Mandatory or optional arguments to long options are also mandatory or optional for any corresponding short options.
gsasl recognizes these commands:
-c, --client Act as client (the default). --client-mechanisms Write name of supported client mechanisms separated by space to stdout. -s, --server Act as server. --server-mechanisms Write name of supported server mechanisms separated by space to stdout.
Normally the SASL negotiation is performed on the terminal, with reading from stdin and writing to stdout. It is also possible to perform the negotiation with a server over a TCP network connection.
--connect=HOSTNAME[:SERVICE] Connect to TCP server and negotiate on stream instead of stdin/stdout. SERVICE is the protocol service, or an integer denoting the port, and defaults to 143 (imap) if not specified. Also sets the --hostname default.
These parameters affect overall behaviour.
-d, --application-data After authentication, read data from stdin and run it through the mechanism's security layer and print it base64 encoded to stdout. The default is to terminate after authentication. --imap Use a IMAP-like logon procedure (client only). Also sets the --service default to "imap". -m, --mechanism=STRING Mechanism to use. --no-client-first Disallow client to send data first (client only).
These options modify the behaviour of the callbacks (see Callback Functions) in the library. The default is to query the user on the terminal.

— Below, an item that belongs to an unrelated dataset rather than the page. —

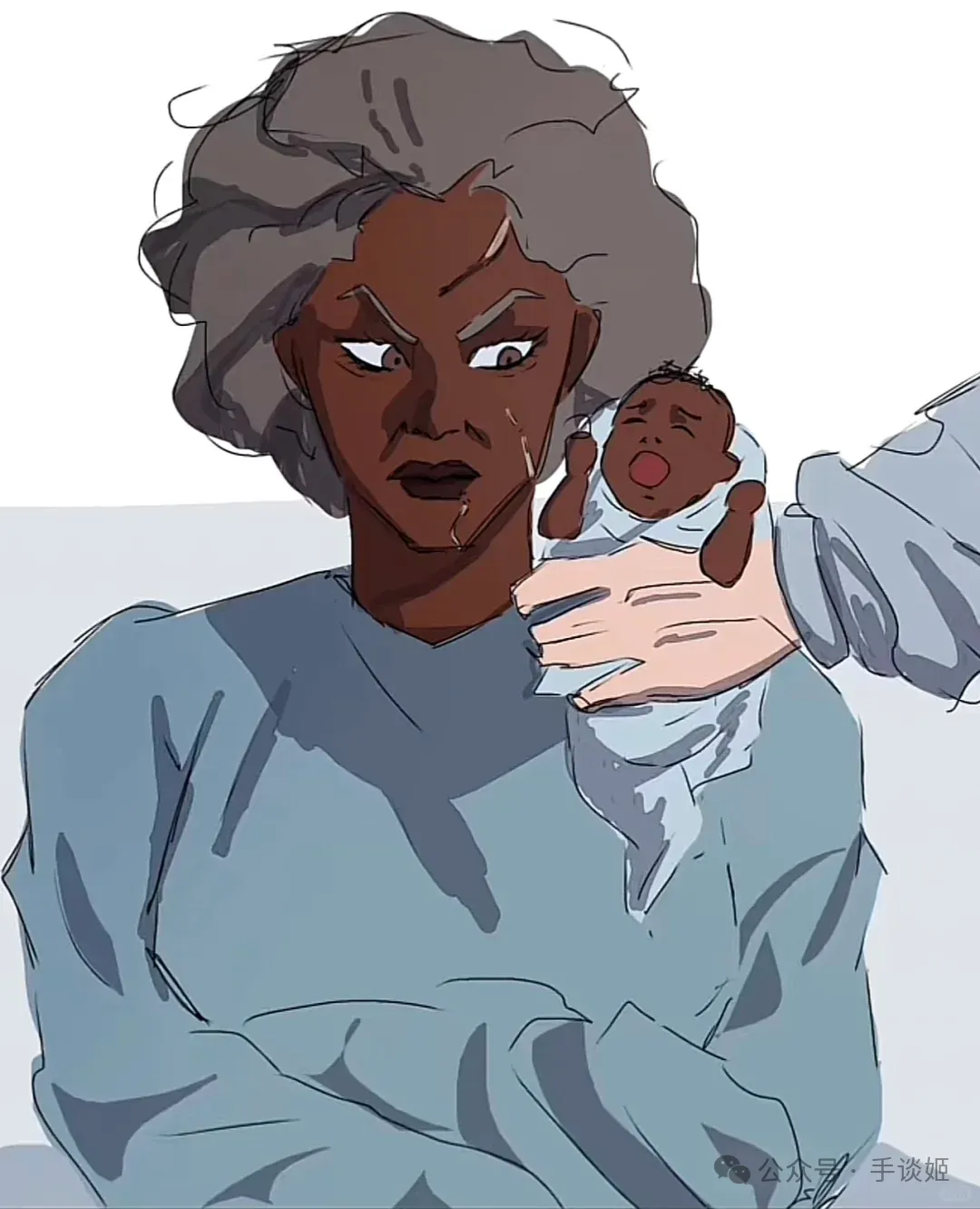 一位看上去非常“英氣”的產婦看着啼哭的嬰兒,有些不耐煩。

-n, --anonymous-token=STRING Token for anonymous authentication, usually mail address (ANONYMOUS only). -a, --authentication-id=STRING Identity of credential owner. -z, --authorization-id=STRING Identity to request service for. --disable-cleartext-validate Disable cleartext validate hook, forcing server to prompt for password. --enable-cram-md5-validate Validate CRAM-MD5 challenge and response interactively. --hostname=STRING Set the name of the server with the requested service. -p, --password=STRING Password for authentication (insecure for non-testing purposes). --passcode=NUMBER Passcode for authentication (SECURID only). --quality-of-protection=<qop-auth | qop-int | qop-conf> How application payload will be protected. "qop-auth" means no protection, "qop-int" means integrity protection, "qop-conf" means confidentiality. Currently only used by DIGEST-MD5, where the default is "qop-int". -r, --realm=STRING Realm. Defaults to hostname. --service=STRING Set the requested service name (should be a registered GSSAPI host based service name). --service-name=STRING Set the generic server name in case of a replicated server (DIGEST-MD5 only). -x, --maxbuf=NUMBER Indicate maximum buffer size (DIGEST-MD5 only).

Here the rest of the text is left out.